Il Sole 24 Ore precisa che per quanto riguarda il triennio 2019-2021 il totale dei medici che uscirebbe dal mondo del lavoro, tra legge Fornero e quota 100, arriverebbe in realtà a 25mila professionisti. Entro il 2025, procedendo secondo le stime, si parlerebbe di più di 52.000 specialisti, ossia il 50% di quelli attualmente impiegati. Già ad oggi si registra una mancanza di 10mila specialisti, un gap che riguarda in particolare alcuni settori strategici e che è destinato a diventare più profondo entro il 2025. Se non si implementano le misure necessarie si prevede una carenza di 4.189 medici nei reparti di emergenza, 3.323 nella pediatria, 1.828 nella medicina interna e 1.395 nel settore dell’anestesia.

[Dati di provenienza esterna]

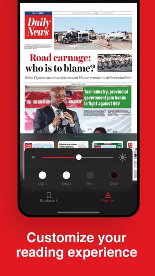 The Daily News is a newspaper tailor-made for the time challenged, rush hour reader who wants accessible news conveniently packaged for easy consumption. As a widely read English daily newspaper in the KwaZulu-Natal province, it is fiercely independent in covering the news. It is bold in its presentation and offers popular platforms to constantly interact with readers.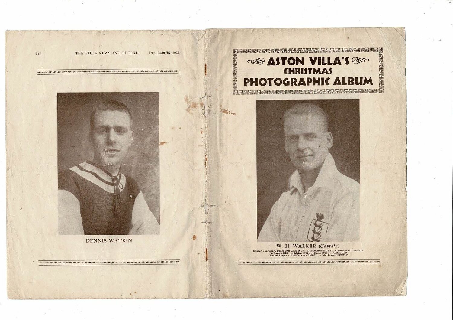 This Original 1932 Aston Villa Christmas Football Photographic Album is creased with some staining, small top corner piece missing on front cover, several small tears, staples have been removed & the spines have been professionally repaired. No handwriting. Please see scans.

La mancanza di connessione fra mondo accademico e lavorativo
“I numeri parlano chiaro”, hanno detto i deputati di LeU: “Ci potremmo trovare all’improvviso con il 25% in meno dei medici e con il 30% in meno degli infermieri”. Quello che è stato definito dai parlamentari come “un esodo insostenibile per il nostro paese” si scontra con quelle che sono le problematiche del turnover, il ricambio della forza-lavoro. Il presidente della Federazioni Nazionale degli Ordini dei Medici Chirurghi e degli Odontoiatri (Fnomceo), Filippo Anelli, ha denunciato la presenza di 15mila giovani medici “intrappolati nell’imbuto formativo”. Le figure necessarie per sostituire chi ha diritto alla pensione, quindi, non mancherebbero, ma sarebbero bloccate nelle scuole di specializzazione, attendendo per anni in un “limbo fatto di inoccupazione, sottoccupazione, disoccupazione”.
Ogni anno il ministero dell’Istruzione, dell’Università e della Ricerca (Miur) mette al bando 6.934 posti per l’accesso alle scuole di specialità, ma i laureati sarebbero più del doppio. Il contratto di governo stipulato da Movimento 5 Stelle e Lega inizialmente aveva incluso un dossier secondo il quale “i posti per la formazione specialistica dei medici dovrebbero essere determinati dalle reali necessità assistenziali”. Tuttavia, a questo proposito non è poi corrisposta, almeno per il momento, un’azione sulle nuove assunzioni che doveva essere inclusa nel Decreto Semplificazioni.